Though it seems to make your hair stand on end I am struggling to see what’s not to like in that. I can see that one might object to disjunctivism, and consequently object to the doctrine that experience itself is interpretive to the extent that it seems to entail disjunctivism. But if interpretive experience is modelled on seeing-as the problem doesn’t arise: one experiences the bridge, and either experiences it as it is or as it is not. When we experience the bridge as it is not we don’t fail to experience the bridge.

Peter

From: Tim Thornton
Sent: 23 March 2016 17:10
To: Peter Lucas
Subject: RE: The harmony of thought and reality

I’ll read and reply properly tomorrow (writing teaching slides now). Disjunctivism may have something to do with Heidegger. On McDowell’s view of it, in the good disjunct one takes in how things are. Not just successful reference but a successful glimpse of the facts. A direct relation to the things themselves.

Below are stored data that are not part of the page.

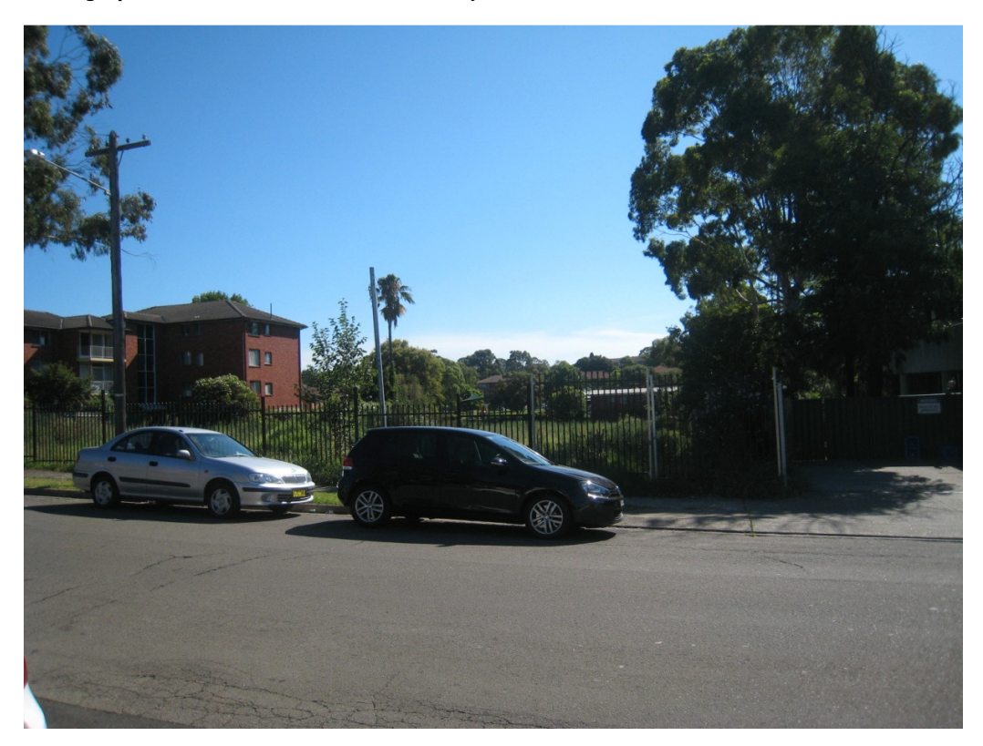
Photograph 2: view from Croydon Street Frontage to Lakemba Local Centre and Lakemba Station (Railway Parade).
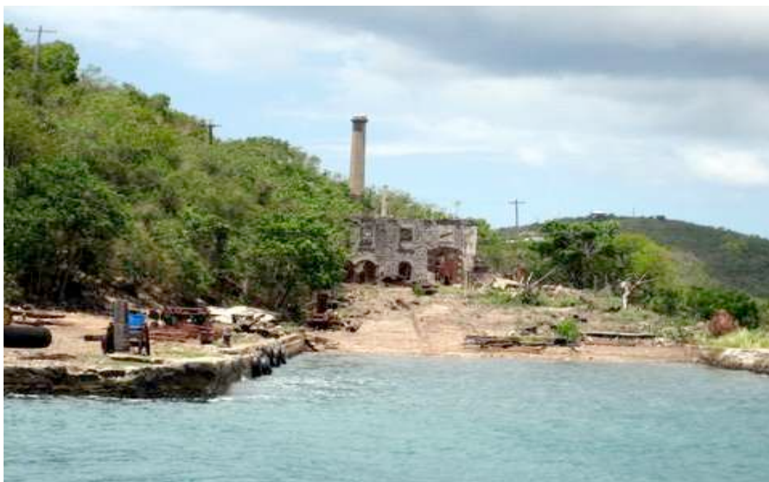
Creque Marine Railway and Head House after clearing
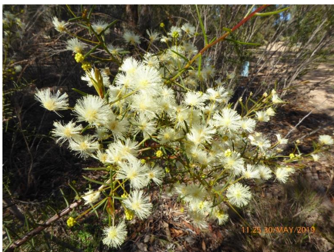
Acacia genistifolia , Early Wattle. A spiny local wattle flowering from late autumn to early spring.
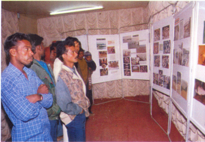
Fish farmers visiting CIFRI pavilion at Purulia ▲
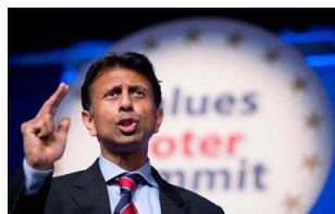
Bobby Jindal spends $73,000 in taxpayer funds on state police protection in Europe

"We believe Louisiana is the only U.S. state to succeed in arranging meetings with all of the top Cuban government ministries for which we requested an audience," Pierson said.
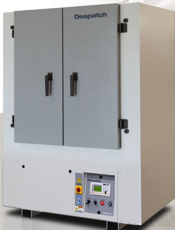
New smaller footprint on RAD2-19 model

This oven is equipped with the Protocol 3™ microprocessor-based temperature and hi-limit controller with large LCD display and real time clock for auto start capability. The LCD display shows temperature readings along with clear, detailed information on oven status. The data-logging functionality enables reporting and analyzing and data files can be exported via the controller's USB port. Modbus RS485 communications are included for easy data access.
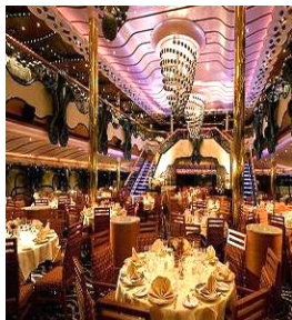
“Carnival Splendor”. Carnival Cruise Lines Company. Italy. 2008.[6]

Image analysis showed that cruise ships are characterized by three color palettes, which are often used: beige-brown – 64%, burgundy-red – 22% and “sea wave” colors – 14% (Fig.1).
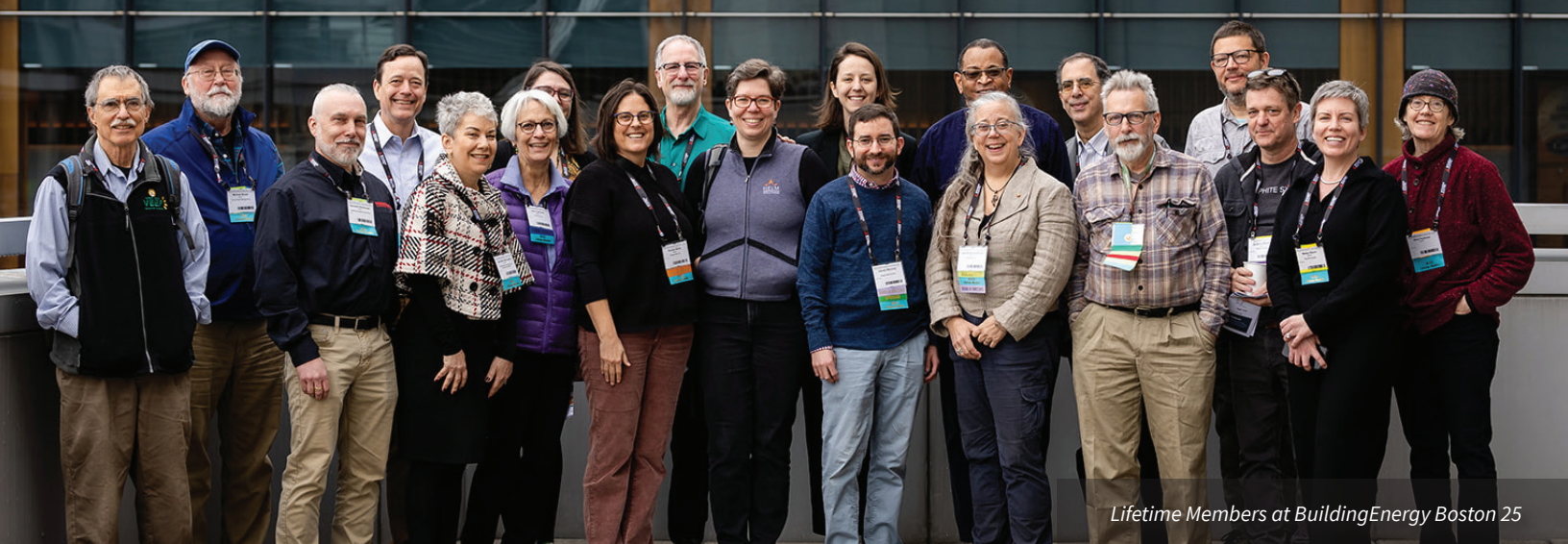
Lifetime Members at BuildingEnergy Boston 25
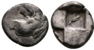
114 The Thracian Chersonese. Chersonesos circa 386-338 BC. Hemidrachm AR 13 m m, 2,24 g very fine 10
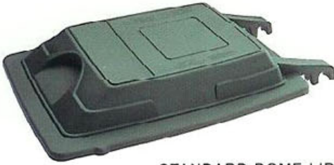
STANDARD DOME LID

A Variety Of Options For Caster Carts And Two-Wheel Carts
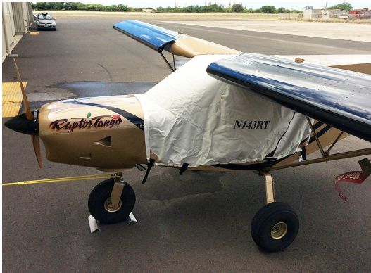
Zenith 801 Insulated Engine, Canopy, Wing & Tail Covers Zenith Zenair 701 Extended Canopy Cover (Over-The-Top Style)
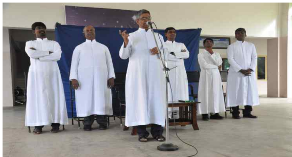
Visitation by Rev. Fr. Provincial
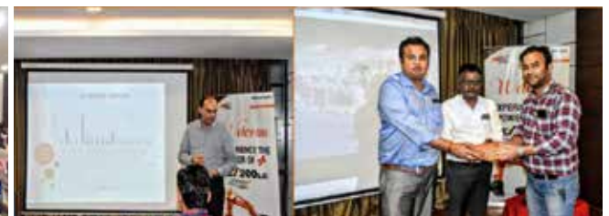
Financier meet in partnership with Suryakiran Earthmovers
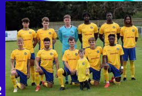
AUFC - 2021/22

The club was formed in 1946 when a group of ex-service men decided that the town could support two football clubs. The first meeting to form the club was held in the local Anchor Public House on the bank of the River Thames. The new club joined Division 1 of the North Berks League for the 1946/47 season and whilst being relegated, they went onto win the leagues Charity Shield at their 1st attempt.
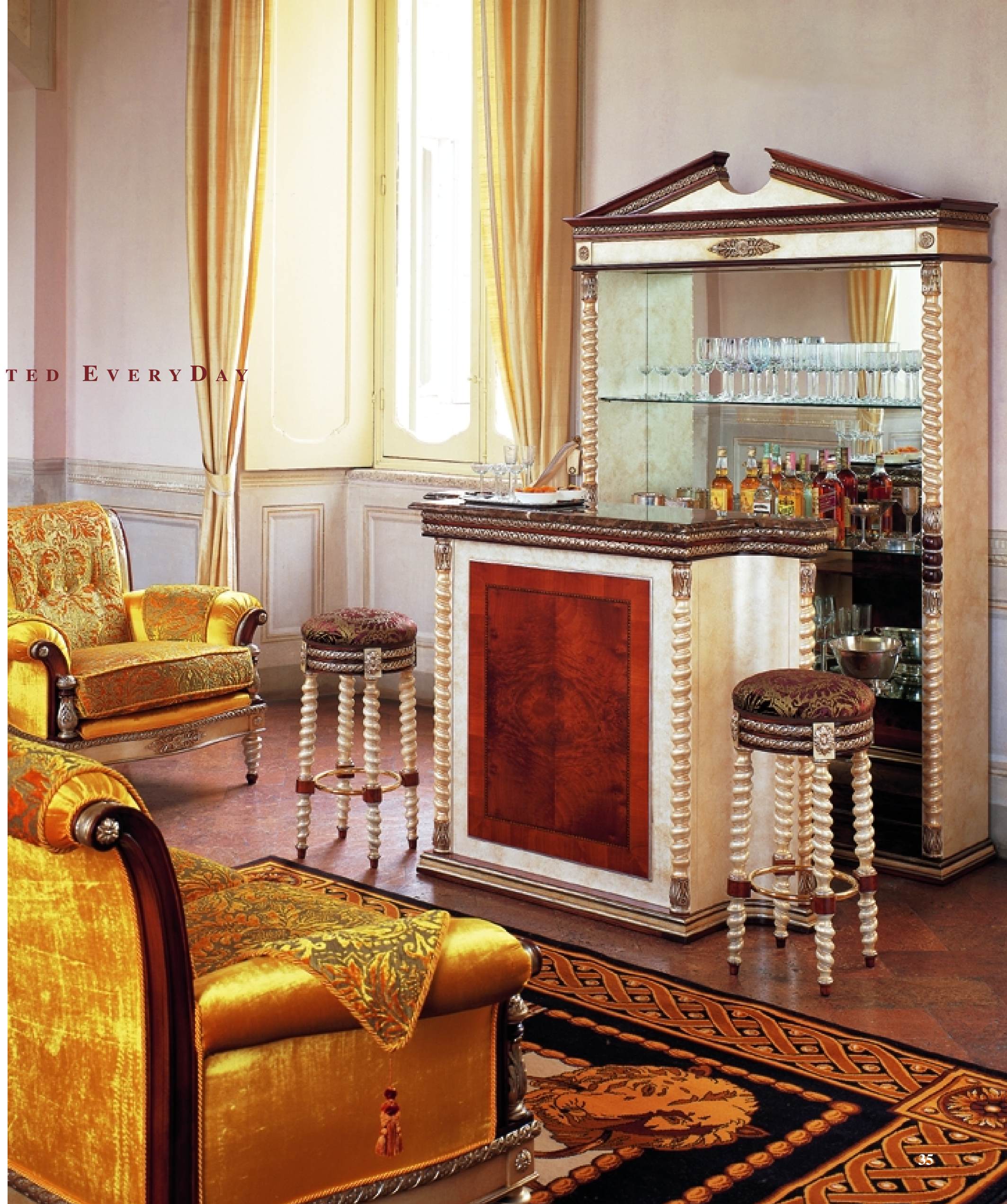
CRI 28 Bar stool ( \phi cm.40 x H.75)
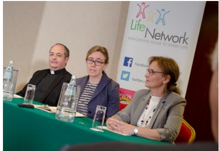
Speakers at the graduation ceremony

Interested parties can contact us on femm.malta@gmail.com to learn about FEMM, ask for lectures or be referred to a local FEMM physician.
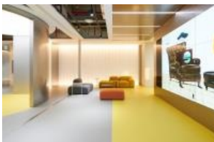
KB Securities - Corques Liquid Lino - JUNG In Design
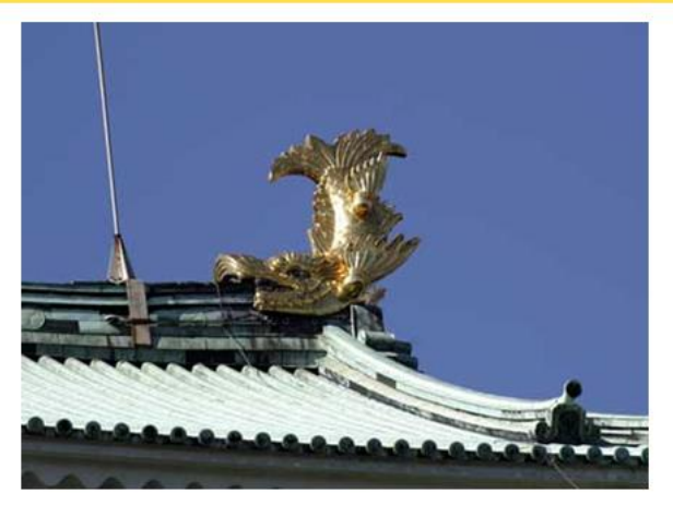
The golden shachihoko are the symbol of Nagoya Castle.

Nagoya, the largest city in the Chubu region of central Honshu, got its start as a castle town in 1610. It has continued to grow and develop ever since, holding on to its rich samurai past while growing into one of the world's leading centers of the automobile industry.
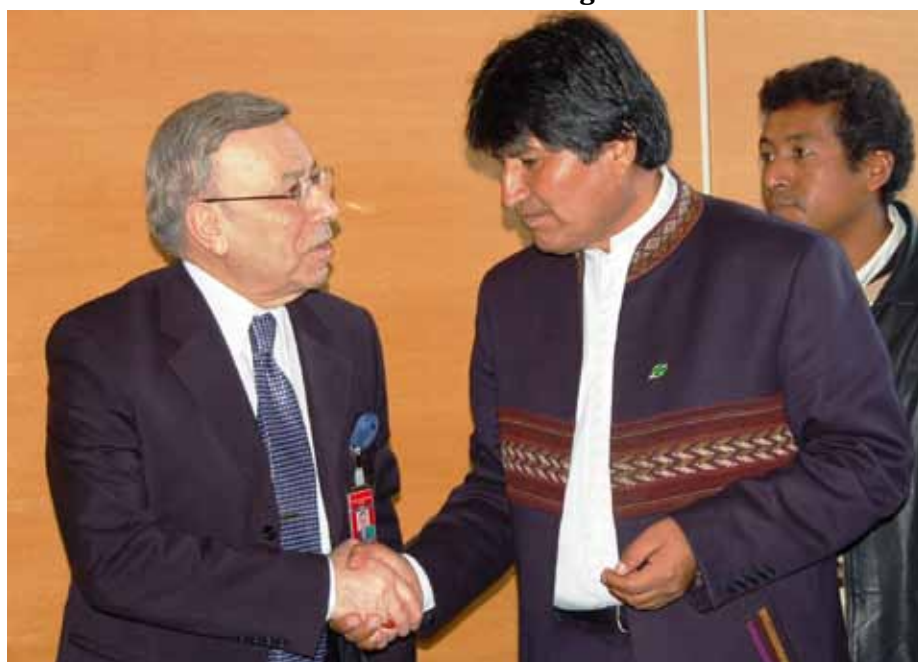
INCB President Hamid Ghodse meets the President of the Plurinational State of Bolivia, Evo Morales, on 12 March 2009 during the high-level segment of the fifty-second session of the Commission on Narcotic Drugs.

INCB President Hamid Ghodse met with the President of the Plurinational State of Bolivia, Evo Morales, to discuss the control regime for coca leaf, during the high-level segment of the fifty-second session of the Commission on Narcotic Drugs in March 2009.
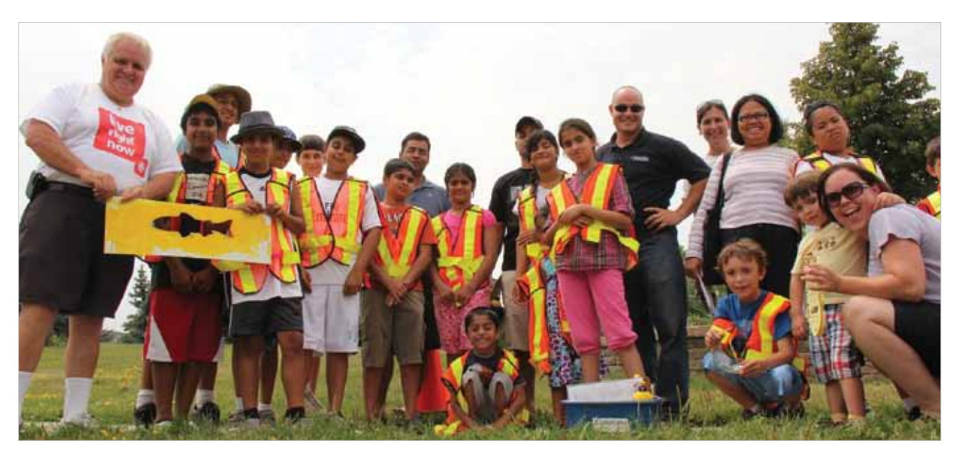
Engaging local children through educational workshops

Population: 5,800 (1,600 households) Immigrants: 55% (majority pre-1991) Median age: 37 Language: English (45%), Punjabi (22%) Median household income: $77,008 Employed outside of Brampton: 28.8% Dwellings: 84% owned, 16% rented Building age: 1983-1987
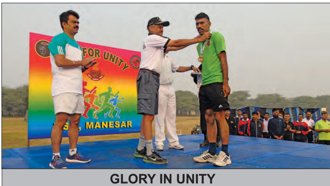
GLORY IN UNITY

The Marathon fever caught up with the campus, with almost the entire garrison seen practising at all conceivable hours. The mega event on the Gandhi Jayanti saw enthusiastic participation from all age groups ranging from 05 yrs to 65 yrs in various categories. Iconic Pugilist, Vijender Kumar added the glamour quotient, giving away prizes, while throwing a few shadow punches to the crowd's delight. Everyone once again put on their running shoes for the "Run for Unity" to mark the Rashtriya Ekta Diwas .
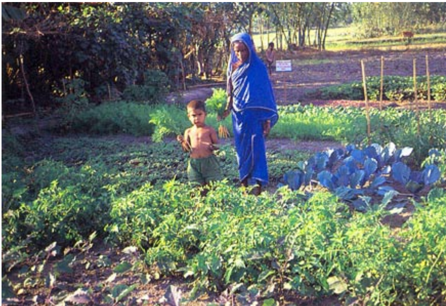
The old and the young nurture household garden plots.

Limited access to resources means that land-poor women are more likely to be under-employed. Household gardening offers women an important means of earning income without overtly challenging cultural and social restrictions on their activities. Since women are frequently the principal providers for family diets, enhancing their purchasing power and food production capacity has a direct impact on household nutrition and health.
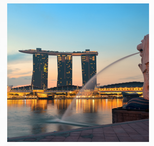
LOCAL KNOWLEDGE, GLOBAL REACH
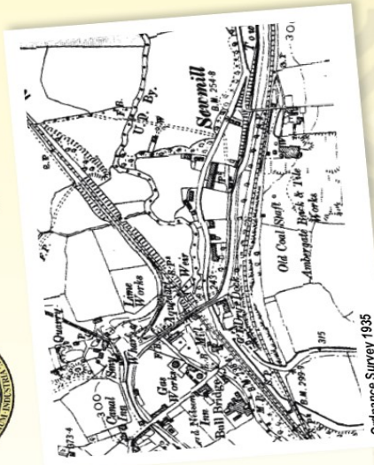
Ordnance Survey 1835

The village is named after the sawmills used for cutting marble that were near the canal and river. The marble cut at the site originated from Hopton Wood Quarry, probably brought to the sawmill by horse drawn wagon. The stone was used for facing fine houses around Britain after travelling down the canals to the River Trent.
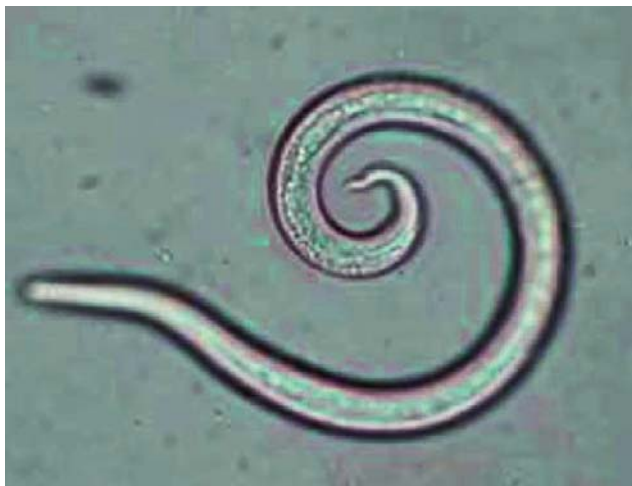
Figure 2. First stage larva (L1) visualized by light microscopy, the kinked tail with dorsal notch is the primary diagnostic feature.

by passive sedimentation in the Baermann funnel, which takes 24 to 36 hours and makes this test time consuming. More importantly, several authors have reported a negative Baermann test in dogs with angiostrongylosis (Denk et al. , 2008). During the long prepatent period, animals can display symptoms, but the larvae cannot yet be detected in the faeces. Moreover, the excretion of larvae is intermittent and variable. For this reason, it is advisable to collect faecal samples over a period of three consecutive days. A negative Baermann result does not exclude infection in a dog with typical symptoms living in a high-risk environment (Traversa and Guglielmini, 2008; Helm et al. , 2010).
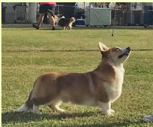
"JJ" – Ch Anwyl Leave The Last Dance For Me (AI)
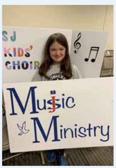
Let your light shine before others, that they may see your good deeds and glorify your Father in heaven. ~ Matthew 5:16
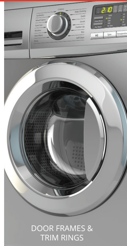
DOOR FRAMES & TRIM RINGS

Our GEON® vinyl formulations are ideal for a wide variety of large and small appliance applications. Work with us to discover how we can help expand your possibilities with the versatility of vinyl.
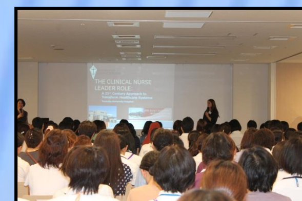
Tsukuba University Medical Center
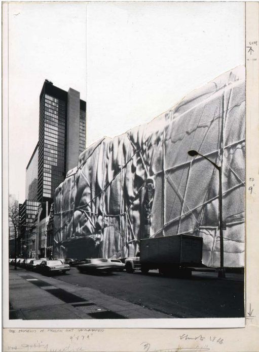
Christo, The Museum of Modern Art Wrapped , 1968
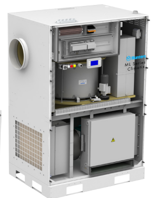
ML with Climatix Controls
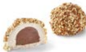
Boule Rocher 909 53

Chocolate ice cream, praline ice cream with whipped cream coating and praline.
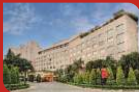
The Lalit Ashok Bangalore
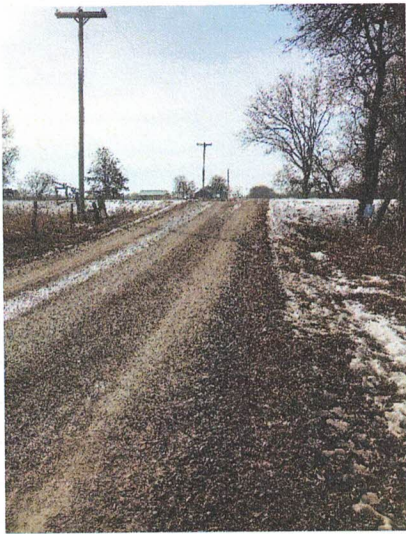
Pettis County, Baker Road
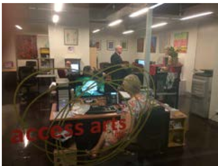
Commonwealth Attorney-General and Minister for the Arts, Senator the Hon George Brandis QC visiting the Access Arts office

Access Arts undertook an Access Appraisal of the 2014 Brisbane Writers Festival last September. In response to our appraisal report they wrote to us: 'Thank you very much to your team for putting together such a comprehensive report for us. I know I speak for all here when I say that we have gained many helpful insights from your appraisal and are looking forward to developing our policies and procedures further'.
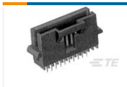
TE Part #5-146085-1 10 SYSTEM 50 HDR SRST SHRD SN
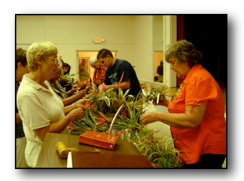
Pre-meeting Plant Sales
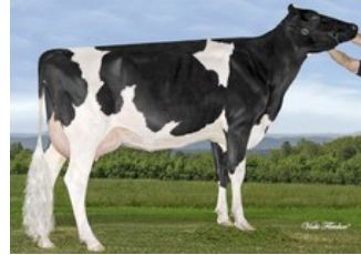
Gen-I-Beq Bolton Silence VG-85
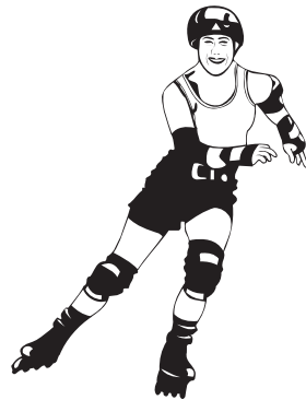
ICE SKATE 10

(McDowell is criticised for not being a good enough disjunctivist because he thinks that experience has a representational content and this makes it seem to have the same content in good and bad disjunct and hence isn’t direct Heideggerian openness. I think these are good criticisms and recently McDowell has made things even worse by accepting that the content of the experience is the same in good and bad disjunct: what differs is the way it is had, its epistemic significance. But before he changed, he used to argue that having a content and being directly open to the world were consistent.)

In general, disjunctivism is taken to oppose a view that because experience is the same in veridical and non-veridical illusory cases, experience is never more than what is shared between the good and bad case. And hence - and McDowell used to be good on this - experience could never be sufficient for knowledge. So if the idea that experience is limited to what can be conceptually articulated seems a limitation (it doesn’t to McDowell but it does to you), I think one could be a non-McDowellian, disjunctivist where in the good disjunct, one is in direct perceptual contact with the world.

Finally summarised Travis though I’ll have to return to it when I’ve looked again at some other stuff.

http://inthespaceofreasons.blogspot.co.uk/2016/03/travis-on-seeing-aspects.html

T

From: Tim Thornton
Sent: 24 March 2016 14:45
To: Peter Lucas
Subject: RE: The harmony of thought and reality

Further….
I think that my qualm concerns the fact that I cannot grasp what the nature of the state is which you take for granted. If I follow at all, an experience is an interpretation in practical and historical ‘terms’ but at the same time it isn’t a judgement, which is an intellectual act downstream and one which loses lots of detail because it is cashed out in, say, linguistic conceptual terms. But the first use of ‘terms’ in that sentence (which of course is mine not yours) isn’t the right word because it would imply modelling on linguistic conceptual terms like the second, which is just what you resist. So what on earth is it? What is both an ‘interpretation’ but not a judgement?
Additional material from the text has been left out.